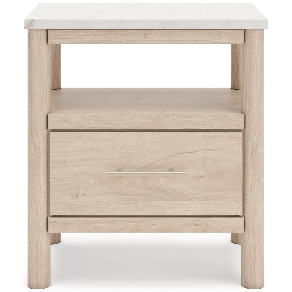 • Drawer interior is lined with a faux linen laminate for a clean, finished look
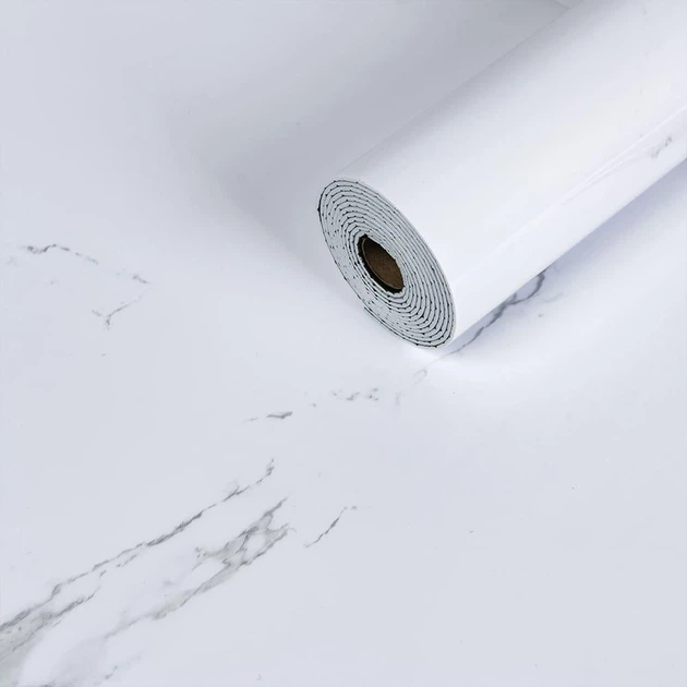 ПВХ плитка в рулоні Білий повітряний Мармур Рулон 0,6*3m*2мм глянець Білий Під мармур самоклеючий ламінат
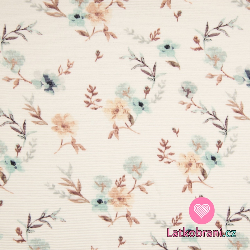 Žebrovaný úplet (ottoman) potisk modré kytičky na bílé
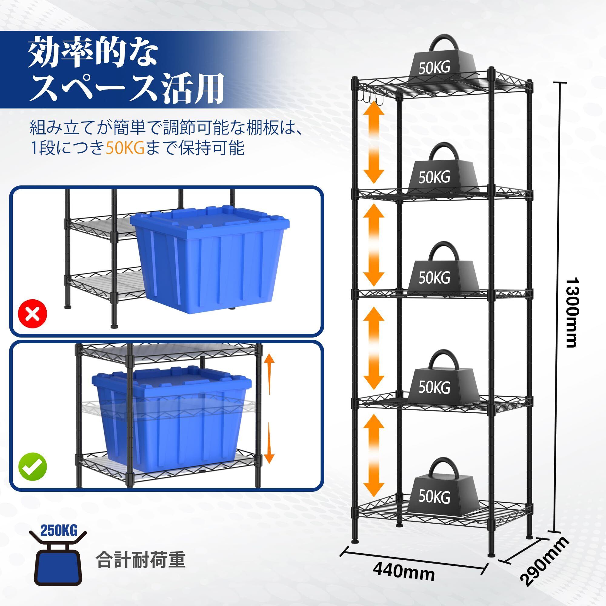 WORKPRO スチールラック 5段 耐荷重250kg メタルラック キッチンシェルフ 棚 ポール径16mm 幅44×奥行29×高さ130cm フック付き 防サビ加工 省スペース収納 キッチン ガレージ ランドリー 商品陳列 | allstore1

Try it => Would you set down each line of the data exactly, with no images included?

Your solution =>
 • Drawer interior is lined with a faux linen laminate for a clean, finished look
 ПВХ плитка в рулоні Білий повітряний Мармур Рулон 0,6*3m*2мм глянець Білий Під мармур самоклеючий ламінат
 Žebrovaný úplet (ottoman) potisk modré kytičky na bílé
 WORKPRO スチールラック 5段 耐荷重250kg メタルラック キッチンシェルフ 棚 ポール径16mm 幅44×奥行29×高さ130cm フック付き 防サビ加工 省スペース収納 キッチン ガレージ ランドリー 商品陳列 | allstore1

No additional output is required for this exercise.